Summary. The manuscript claims to present the first implementation of AI agents in a bilevel optimization framework for detector design in high-energy physics. It vertically integrates detector geometry, front-end digitization, and high-level reconstruction parameters within differentiable full simulations. Demonstrated on a dual-readout segmented crystal EM calorimeter with baseline resolution 3%/√E, LLM-based agents are shown to execute workflows optimizing crystal granularity and length, ADC bits, sampling rate, and clustering radius, with the agents able to proactively suggest improvements without experiment-specific context; the work concludes that this reduces labor/compute and enables computational validation of design choices, while noting that autonomous physics insight is not demonstrated.

Significance. If the central claims are supported by quantitative evidence, the approach could meaningfully advance phenomenological detector optimization in HEP by enabling efficient traversal of high-dimensional parameter spaces that combine geometry, electronics, and reconstruction.
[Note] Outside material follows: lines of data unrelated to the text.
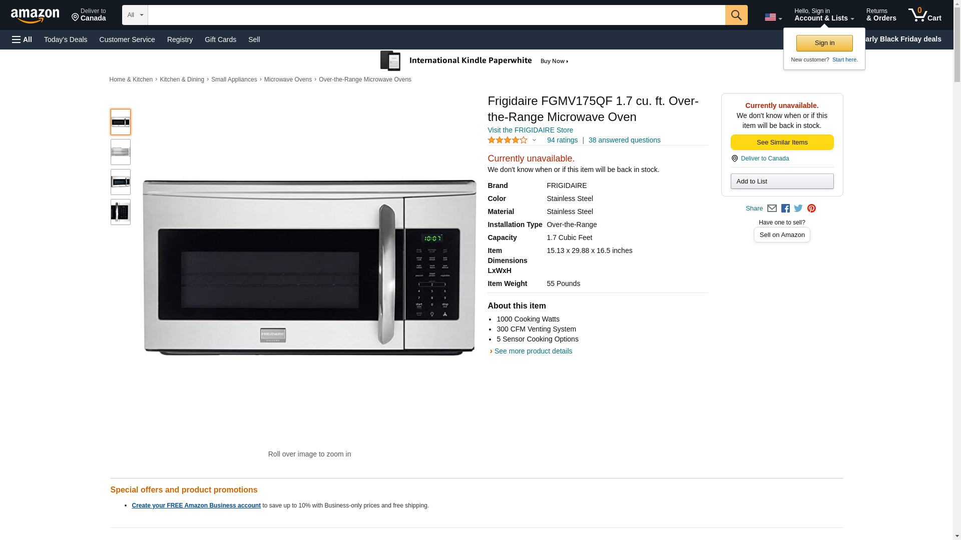 Frigidaire FGMV175QF 1.7 cu. ft. Over-the-Range Microwave Oven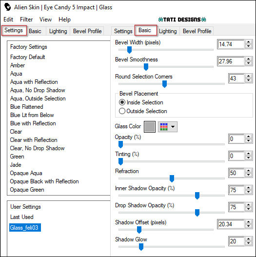 en "Settings", selecciona el preset "Glass_feli03":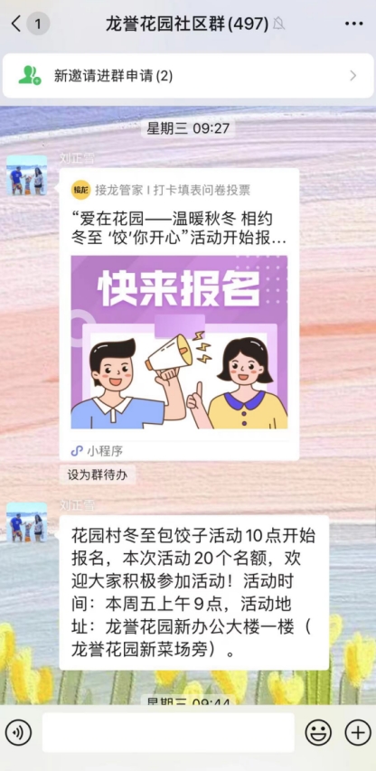 為進(jìn)一步豐富村民業(yè)余文化生活,弘揚(yáng)中華傳統(tǒng)文化,提高村民生活幸福感,讓村民們更好地感受節(jié)日氛圍。南京市棲霞區(qū)龍?zhí)督值阑▓@村委會利用“掌上云社區(qū)”小程序發(fā)布冬至活動招募,線下社區(qū)“掌上云社區(qū)”志愿者開展“溫暖秋冬 相約冬至”主題活動。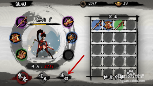 之后我们进入到自己角色信息和基本操作界面,我们点击下面的“属性”功能选项,如图所示。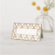 Chicens vikande platskort med en guld glitter-tittar och vit blommigt-dämpad bakgrund. Bilder av en textplaque med kanter i guld på framsidan är redo att anpassa sig för hand för varje gäst vid bröllop.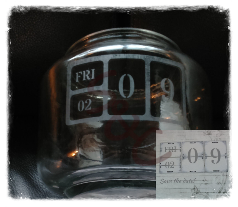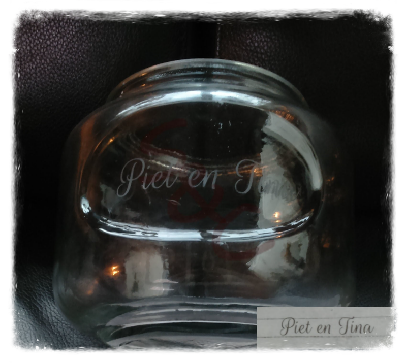 Zo maakte ik een glazen pot aan de hand van de trouwkaart. Hierbij heb ik het passende lettertype kunnen vinden en heb op deze manier een zeer persoonlijk cadeau gemaakt voor het bruidspaar.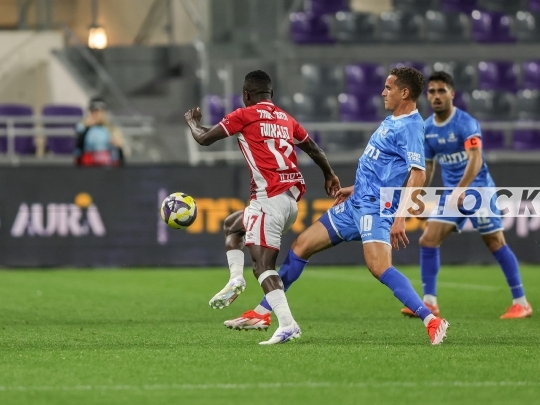 FBL-ISR Israeli State Cup Semi-Final – Hapoel Beer Sheva (in red) vs. Bnei Yehuda Tel Aviv (in blue), April 09, 2026, Bloomfield Stadium, Tel Aviv, Israel. The match takes place one day after the ceasefire announcement between Iran and Israel. Due to lingering security restrictions, the game is being played behind closed doors without spectators.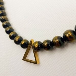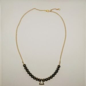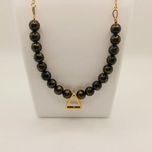 Κολιέ, με ημιπολύτιμες πέτρες νεφρίτη, σε μαύρο με χρυσό, ατσάλινο τρίγωνο και ατσάλινη αλυσίδα, σε χρυσαφί χρώμα.
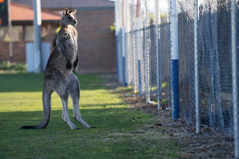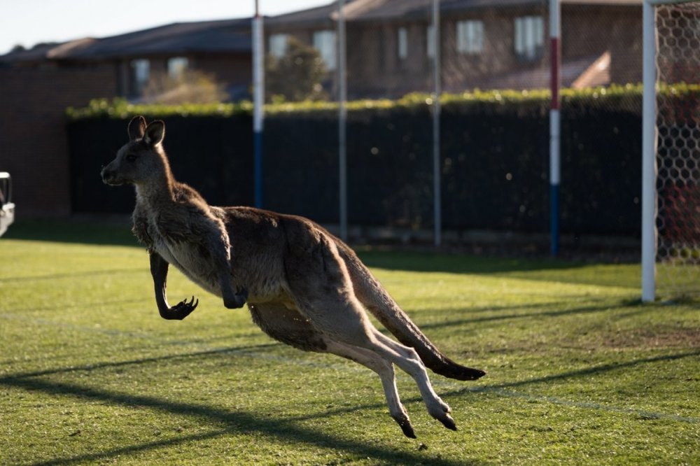 В Австралії під час футбольного матчу мі команндами Belconnen United Blue Devils і Canberra на поле вибіг кенгуру. Тварина перестрибнув через паркан влігся біля воріт. Це сталося в перерві коли команди пішли у роздягальню.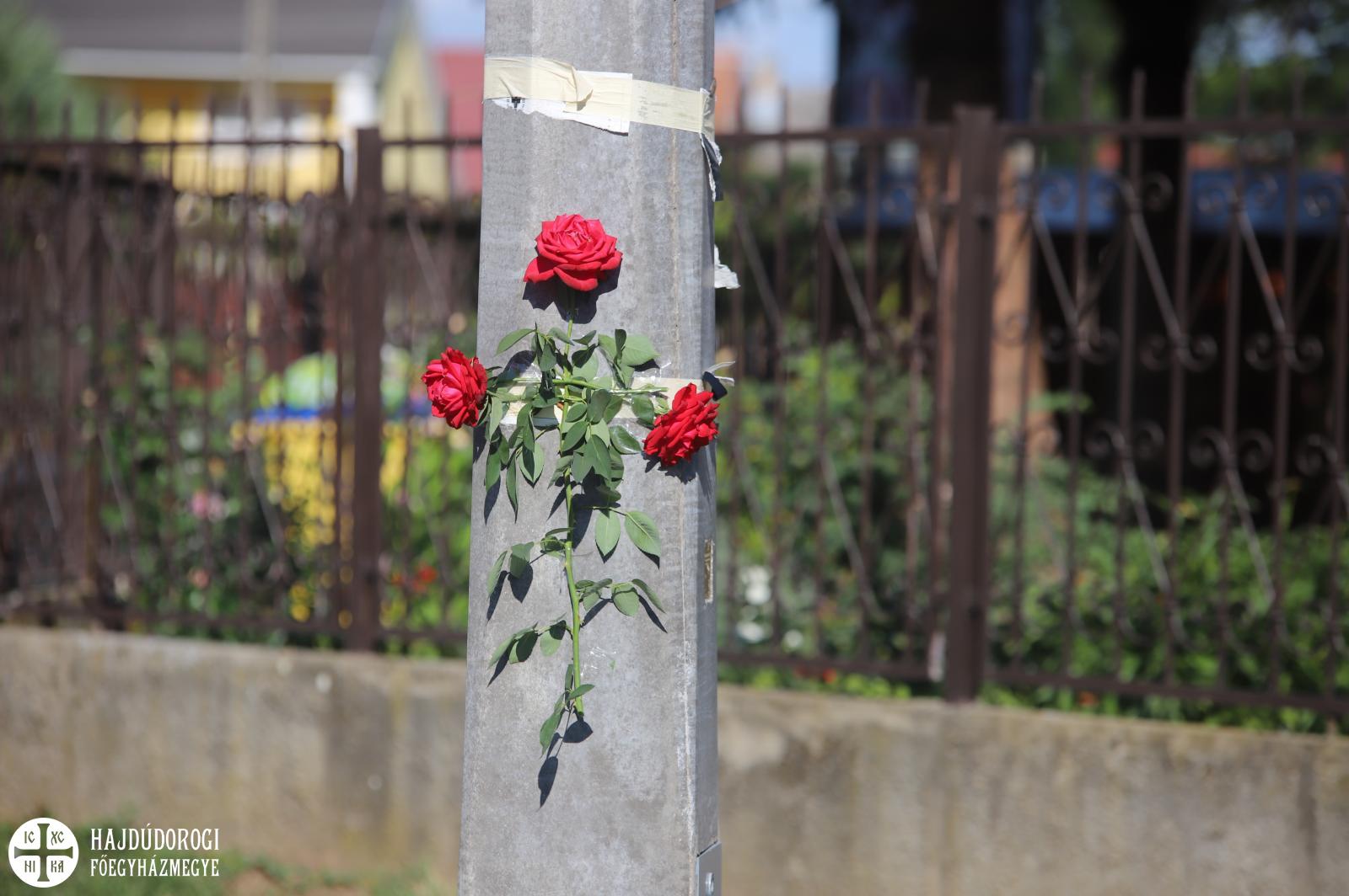 A szeretetteli fogadtatás jele volt a villanyoszlopra kereszt alakban ragasztott rózsa is. A kis útjelző kifejezte a fiatalok felé a közösség tagjainak üzenetét: tudunk rólatok, figyelünk rátok, örülünk nektek és lélekben veletek vagyunk. Ezen a helyszínen csatlakozott újra a csapathoz dr. Orosz Atanáz püspök atya.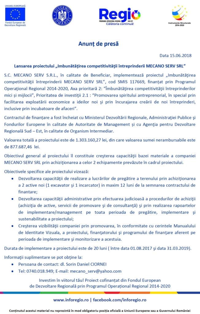 Mecano Serv SRL – Anunț de presă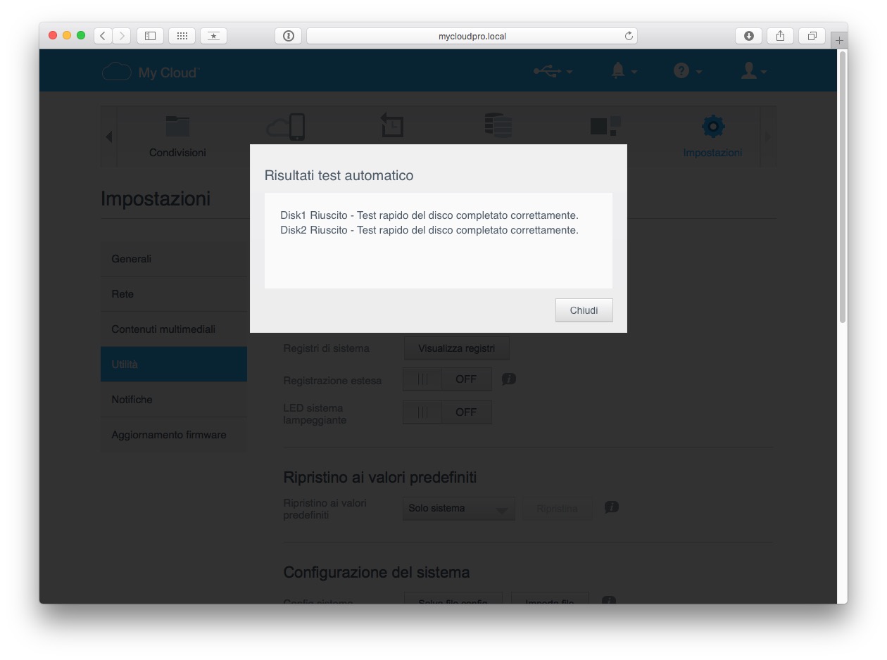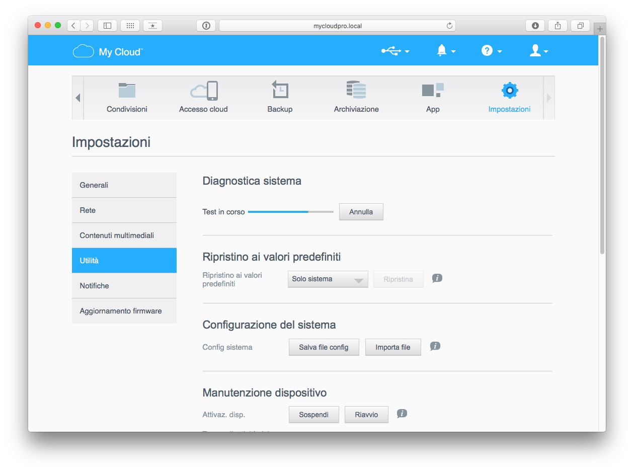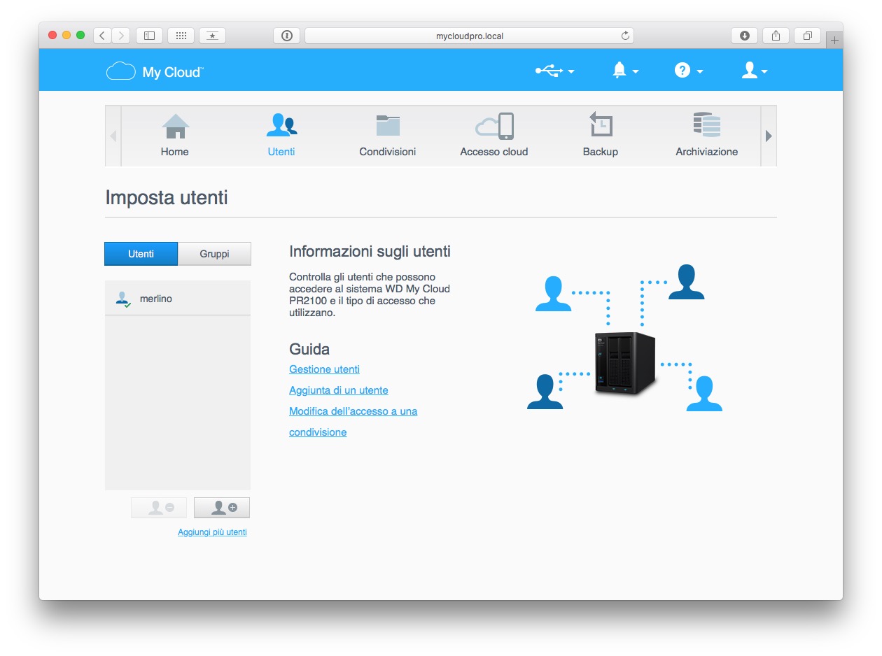 La parte migliore del MyCloud Pro è senza dubbio la parte software: pensato per essere un dispositivo per tutti, la configurazione e mantenimento del disco sono davvero un gioco da ragazzi. Durante il primo collegamento si definiscono i parametri di base, come il primo utente e le funzioni di rete, poi per il resto tutto è gestito tramite browser, compatibile con Bonjour.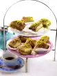 Fold the cherries into the remaining juice and carefully fold into the quark mixture to form a pattern. Chill for at least 3 hours. Heat the honey and brush the edges of the cakes with it. Put the pistachios in a small bowl and press the edges of the cakes into it. Shape the Amarena quark mixture into balls with an ice-cream scoop and spread on the cakes. Decorate with halved Amarena cherries. Warm up the remaining slightly gelled juice again and spread it over the cream balls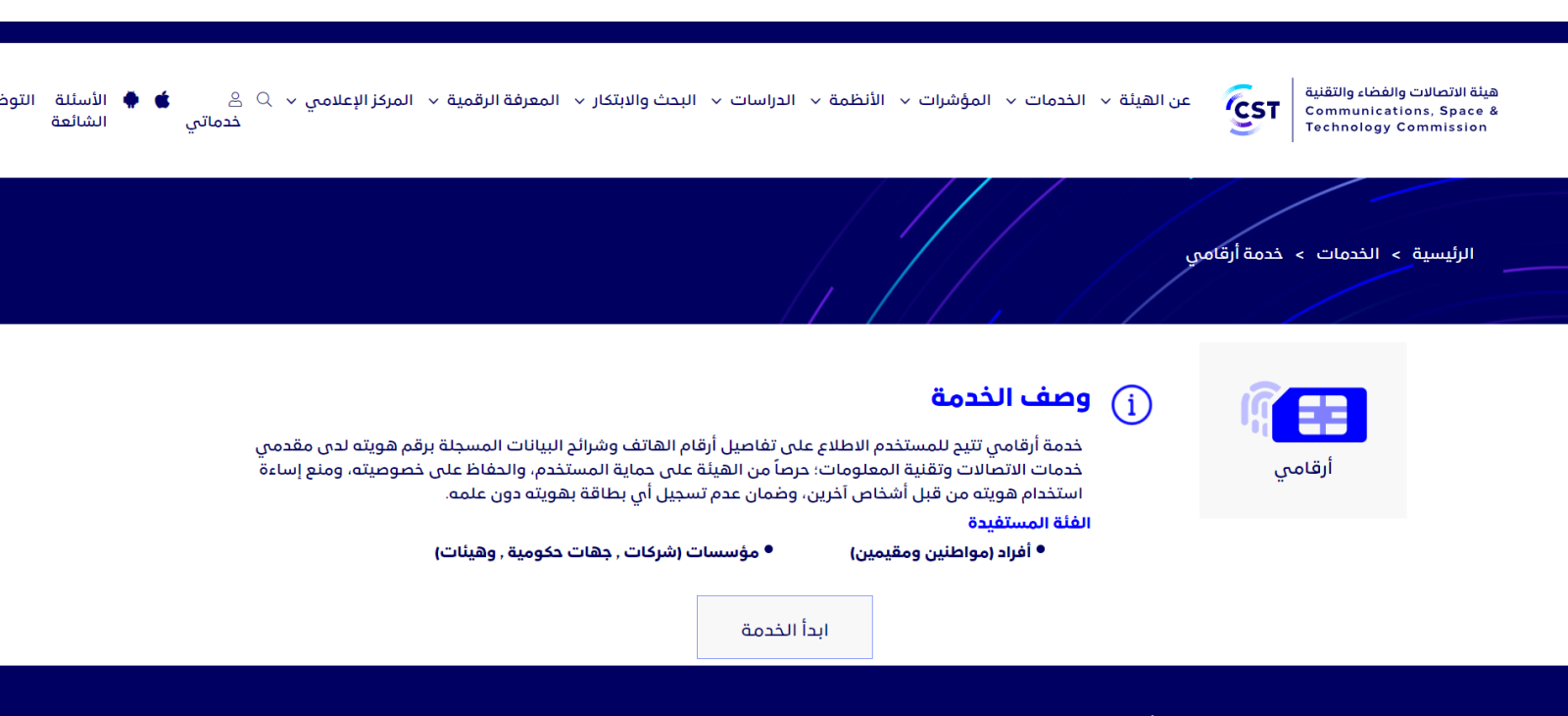 - يبدأ المستخدم بالدخول إلى خدمة "أرقامي" من خلال الموقع الإلكتروني الخاص بالهيئة.

The vertical integration via differentiable simulations and agentic workflows is a novel methodological contribution that could lower the cost of exploring design trade-offs. The absence of benchmarks, however, currently limits the assessed significance to a proof-of-concept demonstration rather than a validated new capability.

major comments (3)

[Abstract] Abstract and results demonstration: the claims that agents 'effectively execute complex workflows' and 'significantly reduces labor and compute' rest on a single qualitative run with no reported quantitative metrics (task success rate, number of iterations, final resolution vs. the stated 3%/√E baseline, or comparison to manual/traditional optimization baselines).
[Methodology] Bilevel optimization description: the framework is stated to operate on externally defined simulation parameters, but no explicit equations, pseudocode, or convergence criteria are supplied showing how the upper-level agent decisions interact with the lower-level differentiable simulation or how gradients are propagated across the full chain (geometry to digitization to reconstruction).
[Results] Parameter optimization results: the simultaneous optimization of granularity, length, ADC bits, sampling rate, and clustering radius is presented without error bars, statistical validation, or sensitivity analysis, making it impossible to assess whether the reported improvements are robust or merely anecdotal.

minor comments (3)

[Abstract] The title and abstract use 'Agentic-AI' without a concise definition or reference; a brief clarification in the introduction would aid readers unfamiliar with the term.
[Results] Specific examples of the agent's 'proactively suggest generic but relevant avenues' would strengthen the narrative; quoting or tabulating one or two agent-generated suggestions would make the claim more concrete.
[Introduction] The manuscript would benefit from a short related-work paragraph situating the bilevel agent approach against prior ML-assisted detector optimization studies.

Simulated Author's Rebuttal

3 responses · 0 unresolved

We thank the referee for the thorough and constructive review. The comments highlight important areas where the manuscript can be strengthened to better support its claims as a proof-of-concept. We address each major comment below and commit to revisions that add clarity, formalism, and quantitative support without overstating the current demonstration.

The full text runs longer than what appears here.